*** EXCERPTED RECORDS Section Begins ***
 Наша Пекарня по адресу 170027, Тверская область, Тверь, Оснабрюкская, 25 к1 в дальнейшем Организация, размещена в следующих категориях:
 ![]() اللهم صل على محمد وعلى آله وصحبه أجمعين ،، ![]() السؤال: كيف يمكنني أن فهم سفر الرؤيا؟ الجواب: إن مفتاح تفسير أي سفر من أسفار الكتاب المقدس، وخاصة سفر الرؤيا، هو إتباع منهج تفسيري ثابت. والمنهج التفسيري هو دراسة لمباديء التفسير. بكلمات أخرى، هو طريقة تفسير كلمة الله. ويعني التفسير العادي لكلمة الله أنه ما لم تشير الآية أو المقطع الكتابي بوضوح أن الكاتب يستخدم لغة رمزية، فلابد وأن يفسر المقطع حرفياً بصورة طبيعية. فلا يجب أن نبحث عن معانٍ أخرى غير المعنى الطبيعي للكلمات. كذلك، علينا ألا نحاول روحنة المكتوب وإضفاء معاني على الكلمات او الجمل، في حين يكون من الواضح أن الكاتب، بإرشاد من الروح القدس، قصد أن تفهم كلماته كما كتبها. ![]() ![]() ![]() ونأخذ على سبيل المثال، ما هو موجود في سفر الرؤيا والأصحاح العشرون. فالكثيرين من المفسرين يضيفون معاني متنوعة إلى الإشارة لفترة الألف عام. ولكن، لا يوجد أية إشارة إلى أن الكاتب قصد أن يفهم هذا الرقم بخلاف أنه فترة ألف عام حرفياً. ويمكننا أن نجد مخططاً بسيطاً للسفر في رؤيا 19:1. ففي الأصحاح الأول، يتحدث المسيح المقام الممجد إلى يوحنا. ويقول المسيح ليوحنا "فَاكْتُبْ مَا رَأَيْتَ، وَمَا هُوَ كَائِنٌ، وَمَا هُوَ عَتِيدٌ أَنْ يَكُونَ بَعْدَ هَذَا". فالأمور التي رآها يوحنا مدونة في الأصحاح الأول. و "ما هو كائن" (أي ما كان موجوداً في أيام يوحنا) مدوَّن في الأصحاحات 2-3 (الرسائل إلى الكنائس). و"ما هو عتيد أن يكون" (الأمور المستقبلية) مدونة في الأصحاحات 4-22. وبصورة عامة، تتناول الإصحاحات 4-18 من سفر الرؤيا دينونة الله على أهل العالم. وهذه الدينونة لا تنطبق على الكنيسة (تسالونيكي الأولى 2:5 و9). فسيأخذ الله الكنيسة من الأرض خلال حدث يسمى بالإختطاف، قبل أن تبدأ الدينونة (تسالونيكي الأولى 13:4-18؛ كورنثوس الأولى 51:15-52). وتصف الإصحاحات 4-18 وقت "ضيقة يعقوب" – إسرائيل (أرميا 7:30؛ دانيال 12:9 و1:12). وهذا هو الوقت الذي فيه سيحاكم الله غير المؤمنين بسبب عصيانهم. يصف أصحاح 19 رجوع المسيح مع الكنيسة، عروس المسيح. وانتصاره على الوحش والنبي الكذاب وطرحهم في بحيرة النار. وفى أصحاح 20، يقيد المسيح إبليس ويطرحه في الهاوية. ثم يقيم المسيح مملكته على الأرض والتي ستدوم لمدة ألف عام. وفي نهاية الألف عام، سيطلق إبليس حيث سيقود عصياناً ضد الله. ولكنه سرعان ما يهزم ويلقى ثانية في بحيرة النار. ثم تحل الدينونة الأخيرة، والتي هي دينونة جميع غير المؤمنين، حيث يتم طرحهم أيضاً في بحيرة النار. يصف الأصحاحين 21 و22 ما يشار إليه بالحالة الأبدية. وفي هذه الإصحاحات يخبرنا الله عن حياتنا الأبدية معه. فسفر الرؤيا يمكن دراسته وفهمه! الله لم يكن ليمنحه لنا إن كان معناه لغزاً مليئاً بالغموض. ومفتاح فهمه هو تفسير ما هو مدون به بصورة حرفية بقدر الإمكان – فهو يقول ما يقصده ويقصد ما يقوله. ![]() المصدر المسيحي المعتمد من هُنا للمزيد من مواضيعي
*** EXCERPTED RECORDS Section Ends ***
*** EXCERPTED RECORDS Section Begins ***
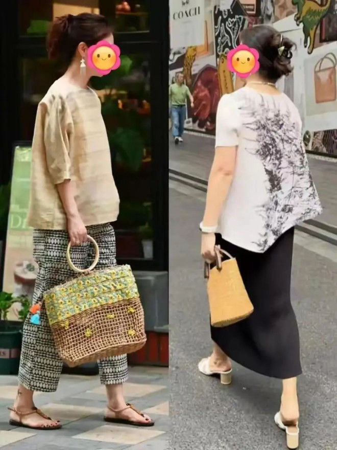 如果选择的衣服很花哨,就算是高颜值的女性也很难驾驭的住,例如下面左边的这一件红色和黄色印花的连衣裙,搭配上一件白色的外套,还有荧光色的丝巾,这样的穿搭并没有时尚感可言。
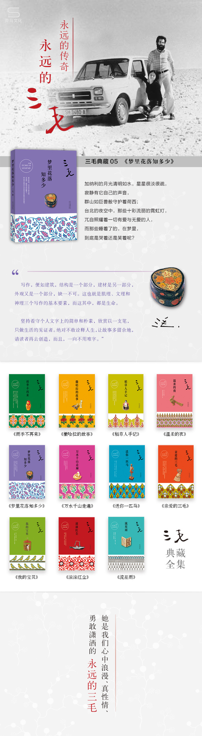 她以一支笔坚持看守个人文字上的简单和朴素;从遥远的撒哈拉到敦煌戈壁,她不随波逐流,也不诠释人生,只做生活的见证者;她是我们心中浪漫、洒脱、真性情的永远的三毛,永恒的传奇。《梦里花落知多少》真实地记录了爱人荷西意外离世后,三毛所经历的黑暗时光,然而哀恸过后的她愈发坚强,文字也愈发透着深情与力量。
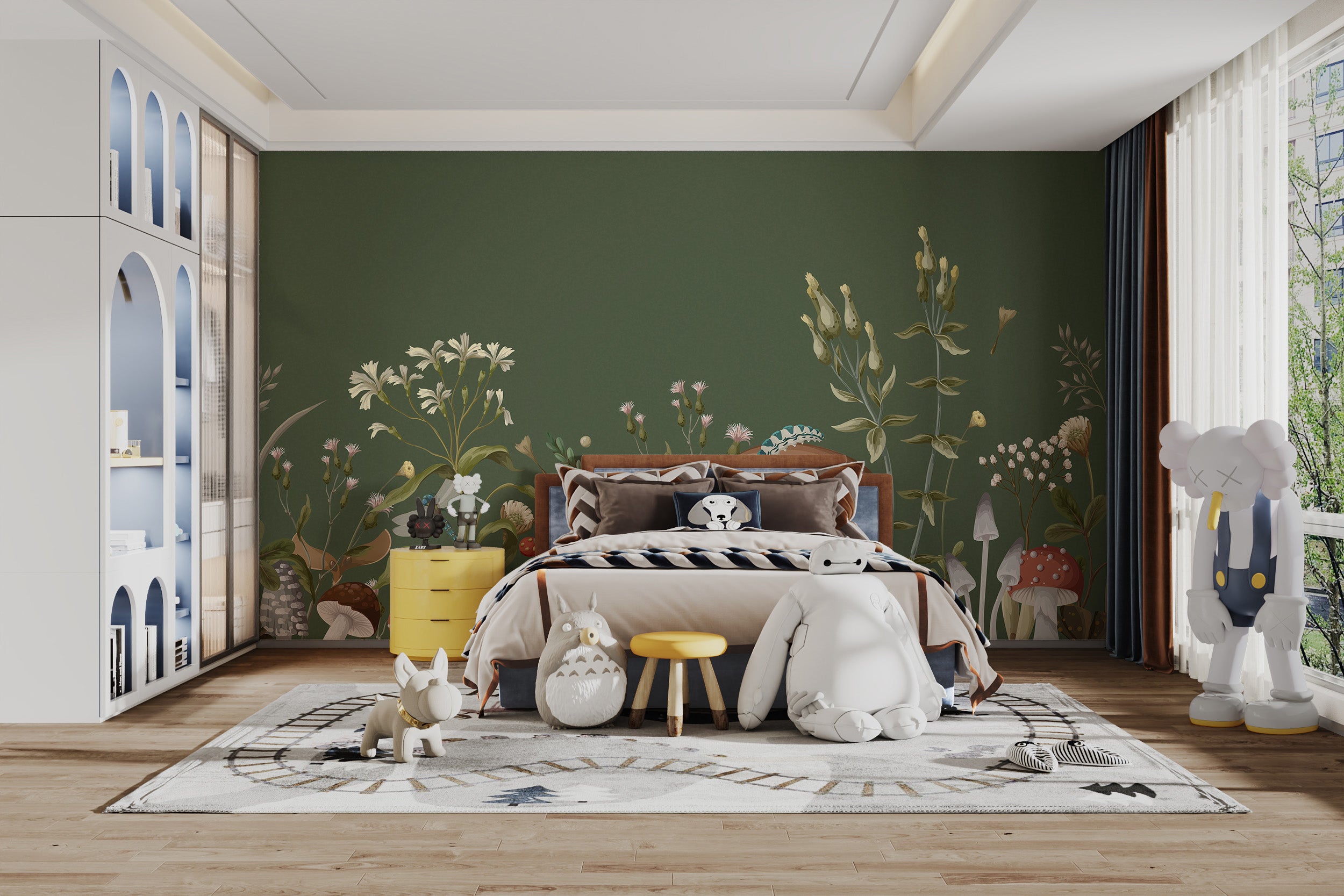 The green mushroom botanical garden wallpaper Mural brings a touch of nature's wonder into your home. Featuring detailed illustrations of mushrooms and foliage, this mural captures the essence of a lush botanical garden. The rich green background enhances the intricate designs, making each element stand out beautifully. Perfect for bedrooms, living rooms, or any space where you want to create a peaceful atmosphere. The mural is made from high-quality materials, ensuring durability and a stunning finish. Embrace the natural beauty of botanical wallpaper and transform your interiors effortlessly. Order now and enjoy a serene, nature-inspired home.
*** EXCERPTED RECORDS Section Ends ***
*** EXCERPTED RECORDS Section Begins ***
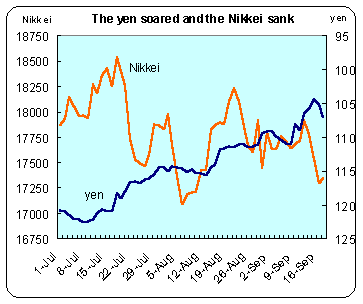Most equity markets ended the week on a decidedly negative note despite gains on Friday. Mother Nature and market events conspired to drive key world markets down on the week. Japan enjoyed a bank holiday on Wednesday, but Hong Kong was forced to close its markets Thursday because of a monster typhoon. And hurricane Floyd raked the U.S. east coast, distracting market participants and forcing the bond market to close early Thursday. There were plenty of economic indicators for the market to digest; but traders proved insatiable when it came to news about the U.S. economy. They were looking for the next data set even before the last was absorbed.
*** EXCERPTED RECORDS Section Ends ***
## TASK ITEM
Set down exactly the lines above, from the line containing "她以一支笔坚持看守个人文字上" through the line containing "The green mushroom". Skip the pictures.

## TASK RESULT
 她以一支笔坚持看守个人文字上的简单和朴素;从遥远的撒哈拉到敦煌戈壁,她不随波逐流,也不诠释人生,只做生活的见证者;她是我们心中浪漫、洒脱、真性情的永远的三毛,永恒的传奇。《梦里花落知多少》真实地记录了爱人荷西意外离世后,三毛所经历的黑暗时光,然而哀恸过后的她愈发坚强,文字也愈发透着深情与力量。
 The green mushroom botanical garden wallpaper Mural brings a touch of nature's wonder into your home. Featuring detailed illustrations of mushrooms and foliage, this mural captures the essence of a lush botanical garden. The rich green background enhances the intricate designs, making each element stand out beautifully. Perfect for bedrooms, living rooms, or any space where you want to create a peaceful atmosphere. The mural is made from high-quality materials, ensuring durability and a stunning finish. Embrace the natural beauty of botanical wallpaper and transform your interiors effortlessly. Order now and enjoy a serene, nature-inspired home.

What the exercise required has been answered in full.